Your task: The expected output is the full data, repeated exactly, without pictures.

Given data:

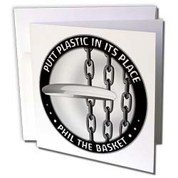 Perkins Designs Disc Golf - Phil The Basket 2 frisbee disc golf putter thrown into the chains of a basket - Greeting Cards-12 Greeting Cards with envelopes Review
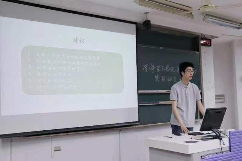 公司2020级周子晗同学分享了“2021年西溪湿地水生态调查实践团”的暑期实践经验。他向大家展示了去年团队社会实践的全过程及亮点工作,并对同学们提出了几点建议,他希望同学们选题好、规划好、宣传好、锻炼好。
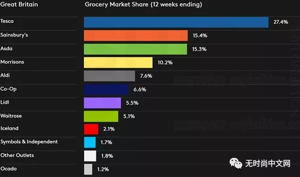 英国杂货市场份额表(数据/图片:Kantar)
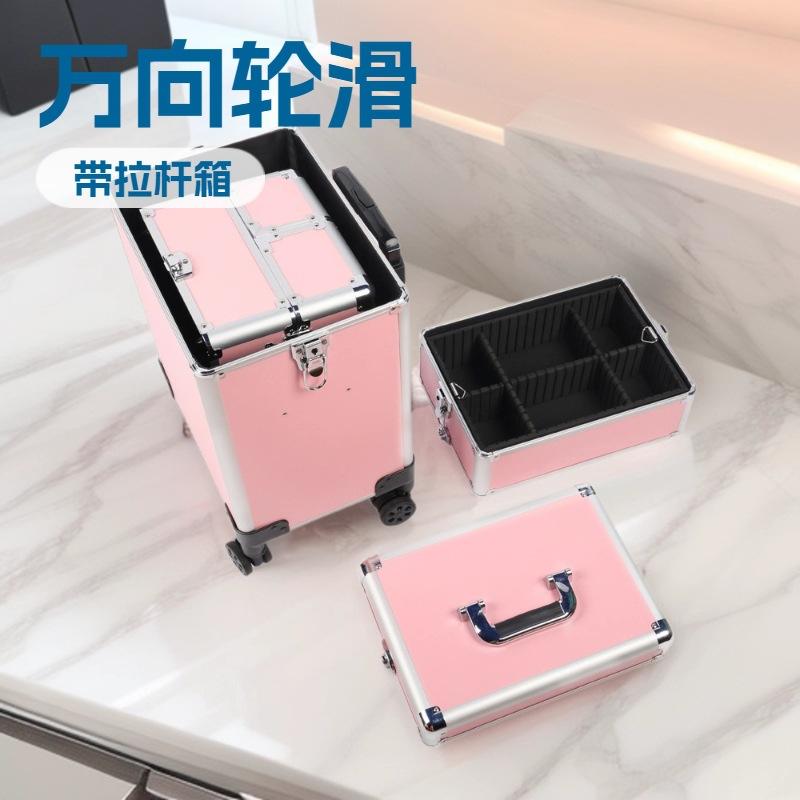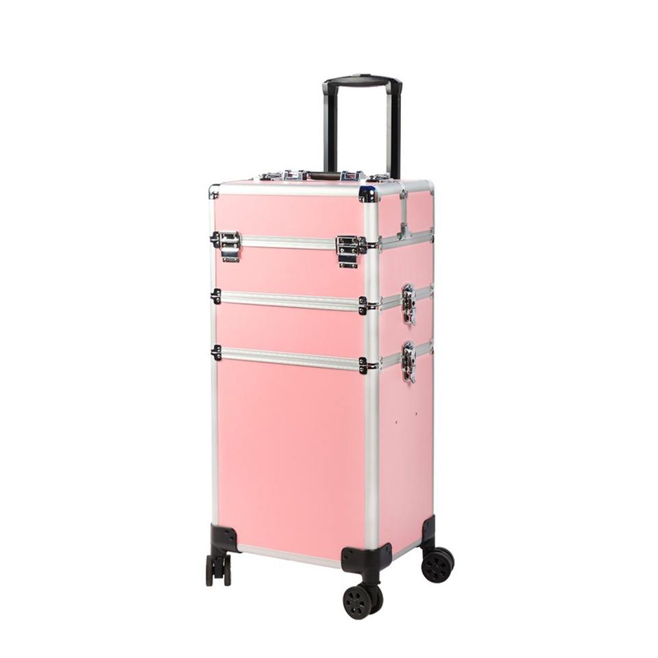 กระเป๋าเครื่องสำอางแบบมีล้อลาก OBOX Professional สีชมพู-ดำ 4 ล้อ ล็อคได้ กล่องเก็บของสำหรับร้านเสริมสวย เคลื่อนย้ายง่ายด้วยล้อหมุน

Completed exercise:
 Perkins Designs Disc Golf - Phil The Basket 2 frisbee disc golf putter thrown into the chains of a basket - Greeting Cards-12 Greeting Cards with envelopes Review
 公司2020级周子晗同学分享了“2021年西溪湿地水生态调查实践团”的暑期实践经验。他向大家展示了去年团队社会实践的全过程及亮点工作,并对同学们提出了几点建议,他希望同学们选题好、规划好、宣传好、锻炼好。
 英国杂货市场份额表(数据/图片:Kantar)
 กระเป๋าเครื่องสำอางแบบมีล้อลาก OBOX Professional สีชมพู-ดำ 4 ล้อ ล็อคได้ กล่องเก็บของสำหรับร้านเสริมสวย เคลื่อนย้ายง่ายด้วยล้อหมุน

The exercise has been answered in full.